------ EXERCISE MATERIAL ------

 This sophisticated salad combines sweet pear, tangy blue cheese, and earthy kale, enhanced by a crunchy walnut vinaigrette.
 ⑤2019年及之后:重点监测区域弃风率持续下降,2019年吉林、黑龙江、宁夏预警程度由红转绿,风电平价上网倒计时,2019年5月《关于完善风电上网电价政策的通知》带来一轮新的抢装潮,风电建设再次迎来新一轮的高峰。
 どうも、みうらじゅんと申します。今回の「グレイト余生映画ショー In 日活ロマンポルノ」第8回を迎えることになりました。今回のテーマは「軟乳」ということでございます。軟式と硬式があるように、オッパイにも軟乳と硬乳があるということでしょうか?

------
------ EXERCISE MATERIAL ------

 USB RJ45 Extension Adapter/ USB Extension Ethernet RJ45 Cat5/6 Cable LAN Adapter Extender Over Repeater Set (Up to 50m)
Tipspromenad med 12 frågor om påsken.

------
------ EXERCISE MATERIAL ------

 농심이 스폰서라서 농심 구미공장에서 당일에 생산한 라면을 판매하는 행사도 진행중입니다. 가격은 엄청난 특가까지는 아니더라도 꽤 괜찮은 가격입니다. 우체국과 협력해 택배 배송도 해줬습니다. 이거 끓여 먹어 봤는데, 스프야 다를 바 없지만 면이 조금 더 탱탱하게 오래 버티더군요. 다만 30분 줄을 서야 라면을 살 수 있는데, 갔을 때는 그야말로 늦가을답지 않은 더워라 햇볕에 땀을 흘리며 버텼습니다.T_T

------

▶ **ABOUT THIS EXERCISE**
From the data above, return every line from the line that has "USB RJ45 Extension" up to and including the line that has "Tipspromenad med 12 frågor om påsken.", exactly.

▶ **TASK RESPONSE**
 USB RJ45 Extension Adapter/ USB Extension Ethernet RJ45 Cat5/6 Cable LAN Adapter Extender Over Repeater Set (Up to 50m)
Tipspromenad med 12 frågor om påsken.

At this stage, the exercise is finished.